Copy out the data below from the line containing "Laseczka posiada światełka, które" to the line containing "The application for", both lines included, with all images left out.

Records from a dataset
# # # # # # #
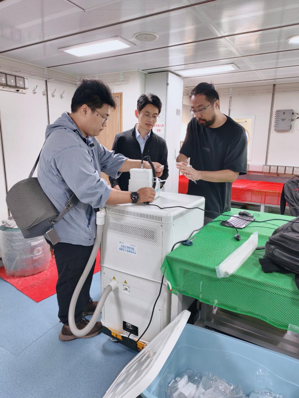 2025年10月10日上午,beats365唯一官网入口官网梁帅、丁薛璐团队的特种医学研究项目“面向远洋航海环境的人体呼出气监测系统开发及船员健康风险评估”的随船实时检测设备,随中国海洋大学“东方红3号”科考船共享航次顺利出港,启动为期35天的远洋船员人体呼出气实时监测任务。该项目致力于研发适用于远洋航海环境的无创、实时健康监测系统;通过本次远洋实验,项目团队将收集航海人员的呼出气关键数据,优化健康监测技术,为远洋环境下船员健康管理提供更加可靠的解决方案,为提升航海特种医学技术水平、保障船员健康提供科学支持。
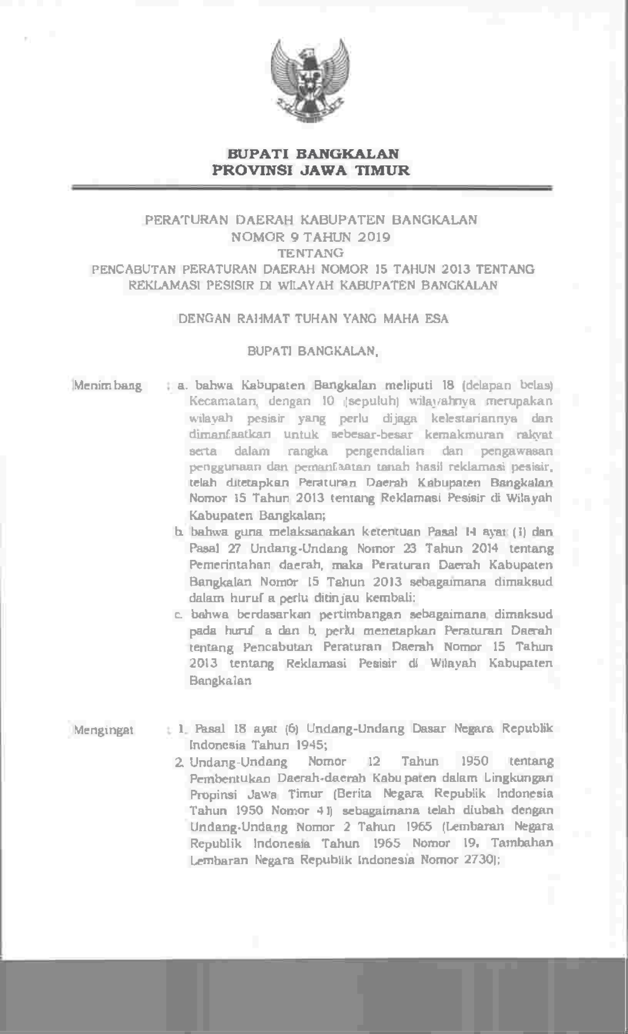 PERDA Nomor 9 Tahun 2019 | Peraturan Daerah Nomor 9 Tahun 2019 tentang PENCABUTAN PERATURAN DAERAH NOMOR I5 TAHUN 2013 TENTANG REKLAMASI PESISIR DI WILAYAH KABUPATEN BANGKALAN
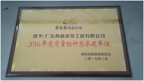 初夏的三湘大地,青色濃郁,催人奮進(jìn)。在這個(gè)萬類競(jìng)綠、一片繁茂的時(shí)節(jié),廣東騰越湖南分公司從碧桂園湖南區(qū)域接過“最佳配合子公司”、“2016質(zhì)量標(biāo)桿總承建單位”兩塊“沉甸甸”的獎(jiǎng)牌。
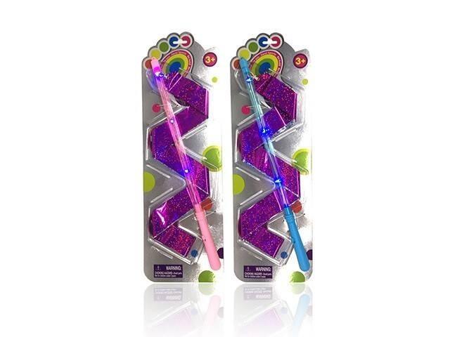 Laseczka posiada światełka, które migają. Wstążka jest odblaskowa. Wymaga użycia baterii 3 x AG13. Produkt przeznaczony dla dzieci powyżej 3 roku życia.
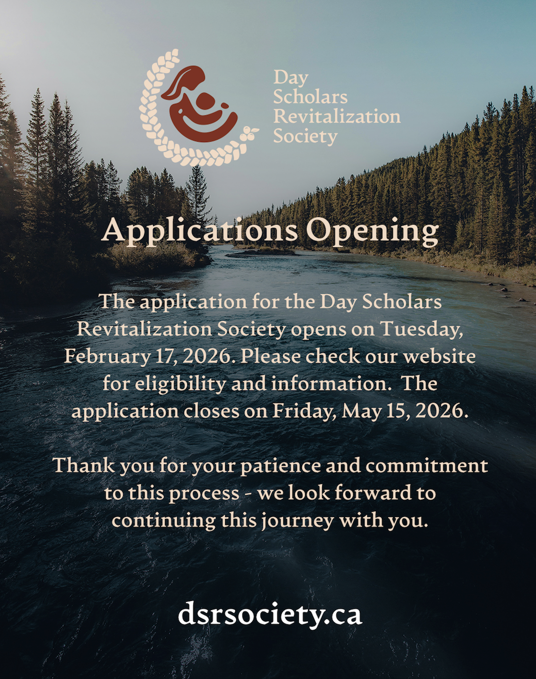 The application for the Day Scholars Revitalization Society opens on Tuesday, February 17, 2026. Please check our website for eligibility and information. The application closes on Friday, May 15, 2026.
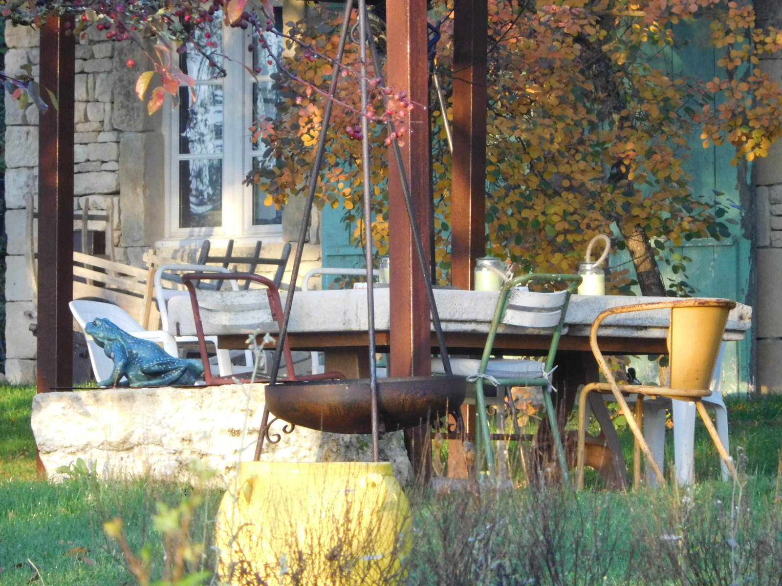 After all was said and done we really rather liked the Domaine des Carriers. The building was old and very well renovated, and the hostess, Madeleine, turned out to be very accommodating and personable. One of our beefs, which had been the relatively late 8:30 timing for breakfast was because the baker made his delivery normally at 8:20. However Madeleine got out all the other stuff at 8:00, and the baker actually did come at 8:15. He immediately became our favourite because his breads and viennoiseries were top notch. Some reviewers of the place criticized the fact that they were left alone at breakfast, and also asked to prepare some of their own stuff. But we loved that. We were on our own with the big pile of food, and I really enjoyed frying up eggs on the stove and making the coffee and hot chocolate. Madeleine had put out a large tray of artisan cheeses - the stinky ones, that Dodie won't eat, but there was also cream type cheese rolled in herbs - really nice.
# # # # # # #
> _Answer section_:
 Laseczka posiada światełka, które migają. Wstążka jest odblaskowa. Wymaga użycia baterii 3 x AG13. Produkt przeznaczony dla dzieci powyżej 3 roku życia.
 The application for the Day Scholars Revitalization Society opens on Tuesday, February 17, 2026. Please check our website for eligibility and information. The application closes on Friday, May 15, 2026.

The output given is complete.